Intel is a staunch supporter of Ethernet, and its Gaudi AI chip for generative AI continues to use traditional Ethernet interconnection technology. Gaudi 2 uses 24 100Gb Ethernet links per chip; Gaudi 3 also uses 24 200Gbps Ethernet RDMA NICs, but doubles the bandwidth of these links to 200Gb/s, making the external Ethernet I/O total bandwidth of the chip reach 8.4TB/s.

Service-oriented

Complex generative AI development tasks like ChatGPT require large models to run billions to tens of trillions of parameters across multiple computers in parallel, using various parallel processing methods such as tensor parallelism, pipeline parallelism, and data parallelism, to process tasks as quickly as possible.
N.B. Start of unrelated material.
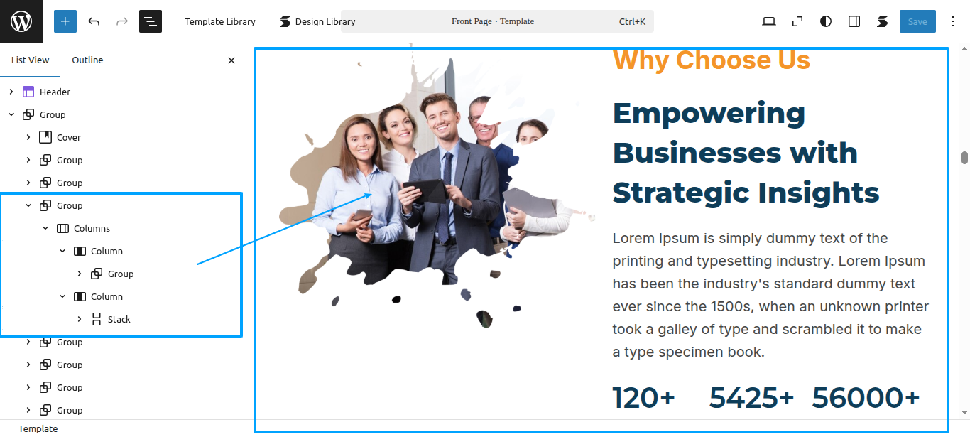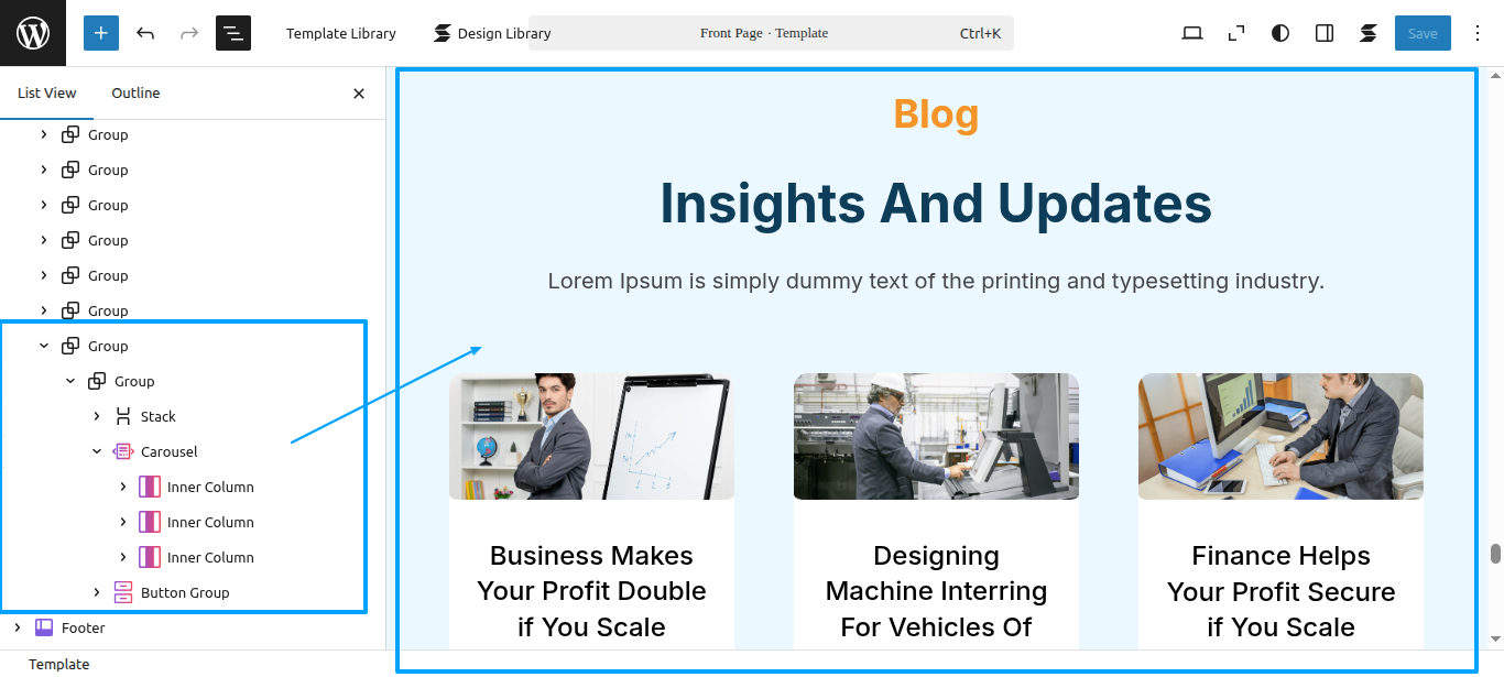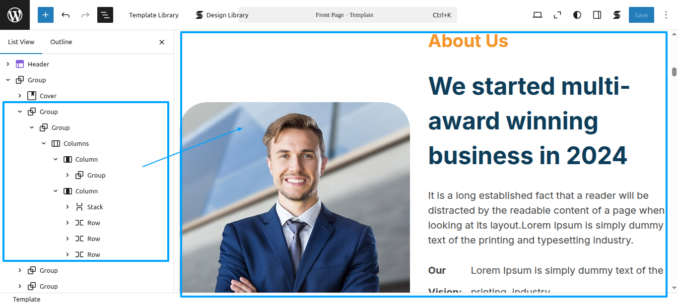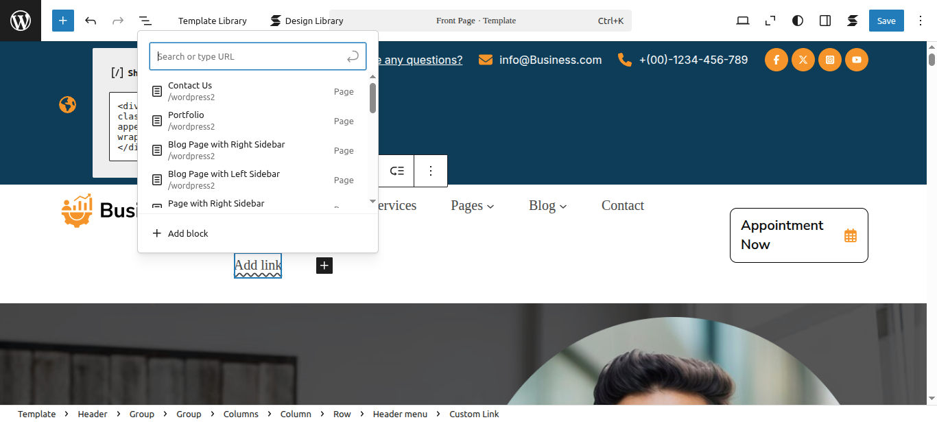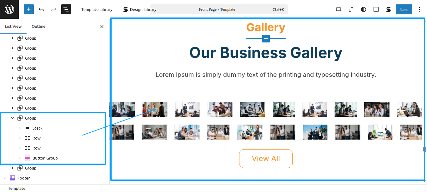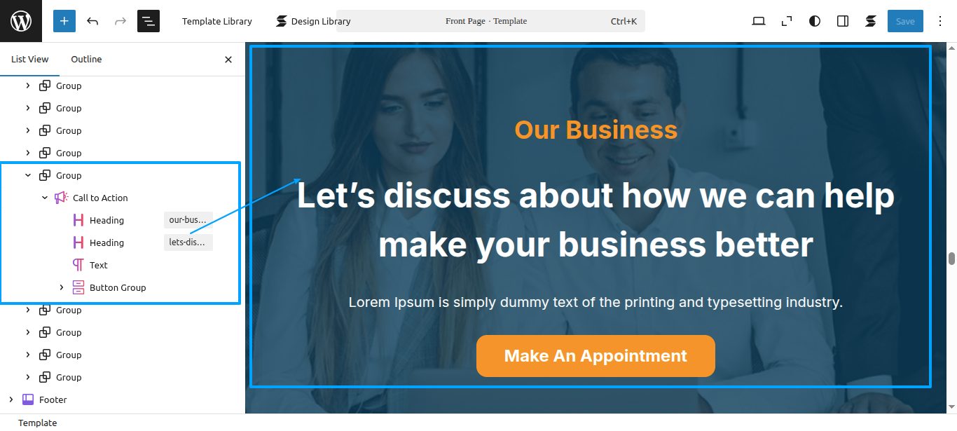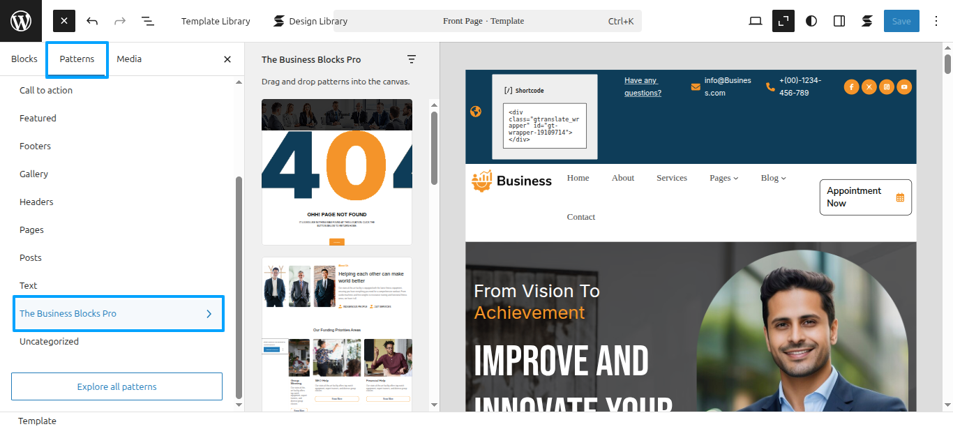 Tap "The Business Blocks Pro" during the list that appears when the side panel is appeared. Each theme is a pattern that may is able to implemented to each page.

Therefore, how to help users develop faster and provide good service is also a key factor.

In this regard, NVIDIA has introduced a new software called NIMS, which stands for NVIDIA Inference Microservices. Huang Renxun calls it "AI in a box." NIMS contains NVIDIA's CUDA, cuDNN, TensorRT, and Triton. NIMS not only makes AI deployment easier, taking only minutes instead of months, but also makes them building blocks for customers to create new applications and solve new problems. If used, NIMS will help accelerate innovation and shorten the time to value realization. Nvidia also announced that NIMS is now available for free use by developers and researchers. Deploying NIMS in production requires an AI Enterprise license, at a price of $4,500 per GPU.

Conclusion

The next AI battle has begun. Overall, in the current AI chip market, major chip giants such as NVIDIA, AMD, and Intel are engaged in fierce competition. They are not only competing in speed, technology, and process innovation but also actively expanding their interconnection and service capabilities to provide faster, stronger, and smarter AI solutions to users. The AI chip battle is still ongoing, and let's wait and see who will eventually win.

Editor/Lambor

The translation is provided by third-party software.